Source material:

=== Begin Enclosure ===

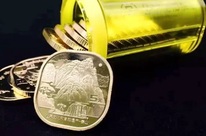 泰山币的正面图案是国徽和"中华人民共和国"字样,背面主图则是巍峨壮观的泰山景象,整体呈现金黄色调,相当漂亮。
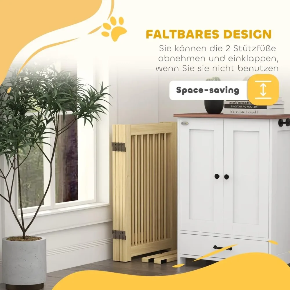 Skapa en trygg och säker miljö för din fyrbenta vän med denna eleganta fristående hundgrind. Tillverkad i massiv furu erbjuder den en robust konstruktion som smälter in naturligt i de flesta inredningsstilar. Tack vare sin flexibla design med fyra paneler kan du enkelt anpassa grinden efter ditt hems unika behov, oavsett om det gäller att spärra av en trappa, en korridor eller dela av ett större rum.
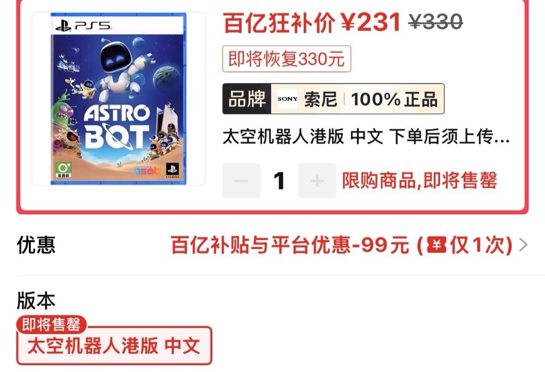 宇宙机器人港版近期好价231(需要30券)

=== End Enclosure ===

Exercise instructions: Every line from the one with "Skapa en trygg" through the end of the material above should be restated word for word, with the pictures left out.

Response to the task:
 Skapa en trygg och säker miljö för din fyrbenta vän med denna eleganta fristående hundgrind. Tillverkad i massiv furu erbjuder den en robust konstruktion som smälter in naturligt i de flesta inredningsstilar. Tack vare sin flexibla design med fyra paneler kan du enkelt anpassa grinden efter ditt hems unika behov, oavsett om det gäller att spärra av en trappa, en korridor eller dela av ett större rum.
 宇宙机器人港版近期好价231(需要30券)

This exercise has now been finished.